### Instructions to follow
Skip all pictures. Write out the data below from its first line through the line that contains "L’under 18 vince".

### Given data
=======
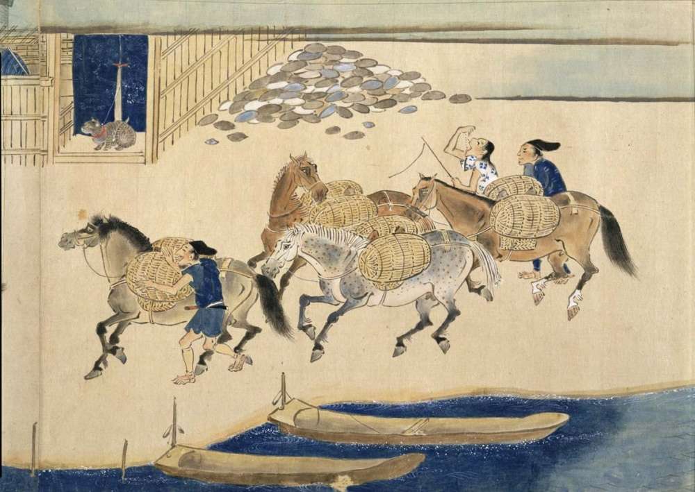 Many of the goods carried by *umagae* were offerings from Kyoto’s court nobles to provincial lords, or the reverse.
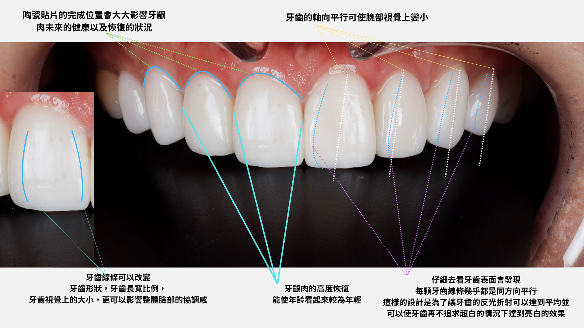 “真正美容牙科,會讓臉部逆齡同時改善咬合。思考患者臉部應該怎麼動、怎麼笑,絕對不是顏色白就好。”
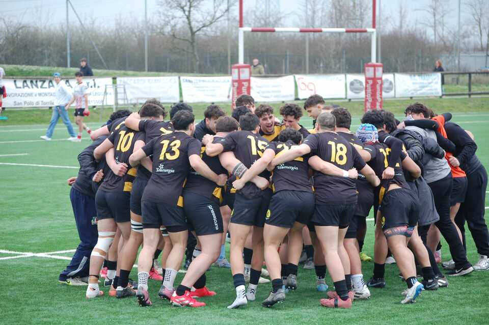 L’under 18 vince di misura a Colorno (31-33) al termine di una dai due volti (31-33). Gli emiliani partono a spron battuto trovando quattro mete di fila dal 6’ al 22’ e segnando la sfida in modo apparentemente decisivo, ma il risveglio dei leoni è letale e nell’aria. Dopo la marcatura biancorossa che fissa il parziale di 24 punti a 0 per i padroni di casa; il viadanese Aiello inizia a ricucire lo strappo colornese con due mete a stretto giro di posta a cui fa seguito Tassone al 39 e con due mete trasformate su tre i ragazzi di coach Bronzini a -5. Al ritorno in campo dagli spogliatoi i gialloneri accelerano e vanno a segno con il tallonatore Caleffi a cui si aggiunge la trasformazione di Bertorello che segna il sorpasso, seppur di due sole lunghezze di un Viadana che pare aver ritrovato le proprie certezze, ma Colorno si riporta avanti con il controsorpasso allo scoccare dell’ora di gioco, ma le emozioni non sono finite con i gialloneri che danno un’ultima e definitiva prova di forza con la meta tecnica al 61’ trasformata da Bertorello che fissa il finale sul 31-33.
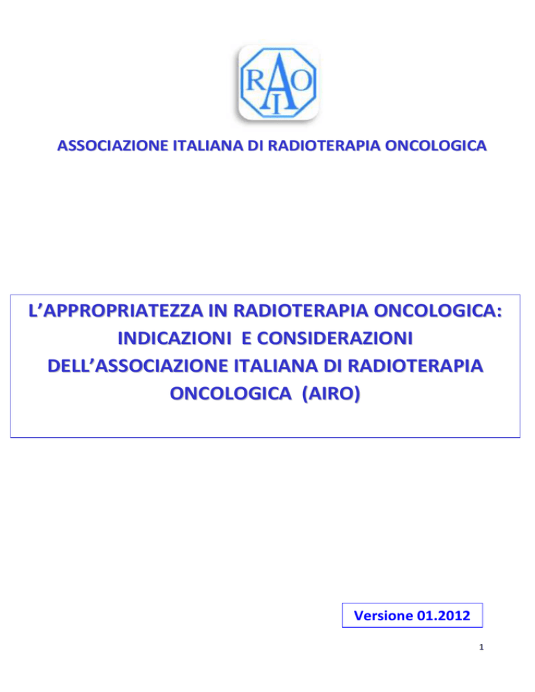 ASSOCIAZIONE ITALIANA DI RADIOTERAPIA ONCOLOGICA L’APPROPRIATEZZA IN RADIOTERAPIA ONCOLOGICA: INDICAZIONI E CONSIDERAZIONI DELL’ASSOCIAZIONE ITALIANA DI RADIOTERAPIA ONCOLOGICA (AIRO) Versione 01.2012 1 CONSIGLIO DIRETTIVO AIRO Presidente Giovanni Mandoliti Presidente Eletto Riccardo Maurizi Enrici Consiglieri Marco Lioce Giovanna Mantello Stefano Pergolizzi Luciano Pompei Marta Scorsetti Marco Stefanacci Elvio Russi Segretario Presidenza Giovanni Pavanato Rappresentante MED 36 Stefano Maria Magrini Rappresentante SNR Francesco Lucà Segretario Amministrativo Vittorio Donato COMMISSIONE SCIENTIFICA AIRO Coordinatore Umberto Ricardi Componenti Renzo Corvò Domenico Genovesi Lorenzo Livi Alessio G. Morganti Mauro Trovò 2 1. Perché questo documento? L’AIRO, quale Società degli Oncologi Radioterapisti, ritiene opportuno definire la propria visione sull’appropriatezza applicata alla Radioterapia Oncologica attraverso un documento destinato al pubblico, a specialisti di altre discipline e agli amministratori di aziende ospedaliere e sanitarie; si tratta infatti di tematiche che toccano interessi molteplici (in primo luogo quelli dei pazienti). Questo documento vuole pertanto essere un primo contributo informativo, ovviamente non esaustivo, a proposito delle nuove tecnologie disponibili e delle nuove indicazioni alla radioterapia, sia come unica modalità di cura, sia in associazione a chemioterapia, a terapie biologiche “mirate” (“target therapy”) e a chirurgia. L’Oncologo Radioterapista è per definizione lo specialista esperto nell’impiego delle radiazioni ionizzanti (Dlgs 187/2000), da sole o in combinazione con i farmaci, per la cura del cancro. L’Associazione Italiana di Radioterapia Oncologica (AIRO) vuole con questo documento richiamare la necessità di trattamenti qualitativamente adeguati sia nell’ambito della prescrizione, sia in quello della impostazione e della esecuzione e suggerire standard operativi di livello elevato, anche in un momento caratterizzato da una profonda crisi economica. Nelle pagine seguenti saranno quindi affrontate, dopo una breve introduzione, tematiche specificamente legate ad aree più o meno controverse, riferite in particolare all’impiego adeguato e appropriato di nuove apparecchiature e tecnologie o di nuove indicazioni alla radioterapia. Poiché il documento è pensato per essere fruito dal pubblico, da specialisti e amministratori, le parti di interesse più generale sono riportate di seguito, mentre quelle che costituiscono approfondimenti, metodologici e non, oppure note tecniche, sono incluse, per semplicità di consultazione e per una lettura più agile, in un Glossario di termini tecnici e appaiono in corsivo minuscolo. Per una più facile fruizione del testo, in azzurro sono riportati i richiami a questi approfondimenti, Una Commissione promossa dalla prestigiosa rivista “Lancet Oncology” al fine di produrre un rapporto ad hoc sulla appropriatezza delle cure e composta da prestigiosi oncologi, farmacologi, epidemiologi, membri di Autorità regolatorie (Agenzia Europea del Farmaco, EMA), nonché da associazioni di pazienti ed altri portatori di interessi (“stakeholder”), conclude così’ nell’ottobre 2011: “Non è più tollerabile politicamente la disuguaglianza nell’accesso a cure oncologiche sostenibili. I professionisti coinvolti nella lotta al cancro e l’industria devono assumersi la responsabilità di non accettare evidenze scientifiche al di sotto degli standard e un’etica a favore di benefici anche molto piccoli a qualsiasi costo; piuttosto, abbiamo bisogno di prezzi giusti e di un reale valore delle nuove tecnologie” (Lancet Oncology, 12: 10, 933, 2011). Le principali Società oncologiche statunitensi, quella degli oncologi clinici (American Society for Clinical Oncology, ASCO) e quella degli oncologi radioterapisti (American Society for Radiation Oncology, ASTRO) hanno assunto già da tempo la responsabilità di azioni positive in questo contesto, quali quelle richiamate nel Glossario. Anche l’AIRO intende avviare un percorso di questo tipo. 3 2. Introduzione L’attuale situazione socio-politica è caratterizzata da una grave crisi economica, che ha prodotto una contrazione delle risorse destinate alla sanità in tutti i Paesi, ma in particolare in quelli che godono di un livello elevato di benessere economico (“high income countries”), tra i quali va annoverata l’Italia. E’ interessante notare che tale contrazione si è avuta a prescindere dal modello di sistema sanitario: negli Stati Uniti come in Europa ed anche nel nostro Paese. Allo stesso tempo, l’impetuoso sviluppo tecnicoscientifico ha avuto come conseguenza indesiderata l’aumento dei costi (per nuovi farmaci, nuove tecnologie, per una diversa visione delle cure palliative e di quelle cosiddette “di fine vita” e anche per i programmi intensivi di controlli clinici periodici - follow up - dopo la cura). Ciò è accaduto soprattutto negli “high income countries”, che hanno sinora conosciuto (e tollerato) una crescita poco controllata della spesa sanitaria. Oggi “…molte nazioni stanno limitando l’accesso a trattamenti e programmi di assistenza per garantire il pareggio del bilancio dei loro sistemi sanitari… con modalità molto diverse fra loro… non sempre basate su un dibattito razionale… o sul solido buonsenso clinico” (Collingridge D., in: “Delivering affordable cancer care in high income countries”, Lancet Oncology, 12: 10, pp. 923-924, 2011). Ciò vale in particolare per la cura del cancro, della quale la radioterapia è una componente indispensabile, utilizzata in circa il 60-70 % degli ammalati (Warren, JR et al., Evaluation of trends in the cost of initial cancer treatment, J Natl Cancer Inst, 2008; 100: 888-897); il suo fabbisogno è però stimato come superiore a questi valori, anche a causa delle nuove indicazioni e dell’invecchiamento della popolazione, e si stima possa crescere de
=======
### Exercise result
 Many of the goods carried by *umagae* were offerings from Kyoto’s court nobles to provincial lords, or the reverse.
 “真正美容牙科,會讓臉部逆齡同時改善咬合。思考患者臉部應該怎麼動、怎麼笑,絕對不是顏色白就好。”
 L’under 18 vince di misura a Colorno (31-33) al termine di una dai due volti (31-33). Gli emiliani partono a spron battuto trovando quattro mete di fila dal 6’ al 22’ e segnando la sfida in modo apparentemente decisivo, ma il risveglio dei leoni è letale e nell’aria. Dopo la marcatura biancorossa che fissa il parziale di 24 punti a 0 per i padroni di casa; il viadanese Aiello inizia a ricucire lo strappo colornese con due mete a stretto giro di posta a cui fa seguito Tassone al 39 e con due mete trasformate su tre i ragazzi di coach Bronzini a -5. Al ritorno in campo dagli spogliatoi i gialloneri accelerano e vanno a segno con il tallonatore Caleffi a cui si aggiunge la trasformazione di Bertorello che segna il sorpasso, seppur di due sole lunghezze di un Viadana che pare aver ritrovato le proprie certezze, ma Colorno si riporta avanti con il controsorpasso allo scoccare dell’ora di gioco, ma le emozioni non sono finite con i gialloneri che danno un’ultima e definitiva prova di forza con la meta tecnica al 61’ trasformata da Bertorello che fissa il finale sul 31-33.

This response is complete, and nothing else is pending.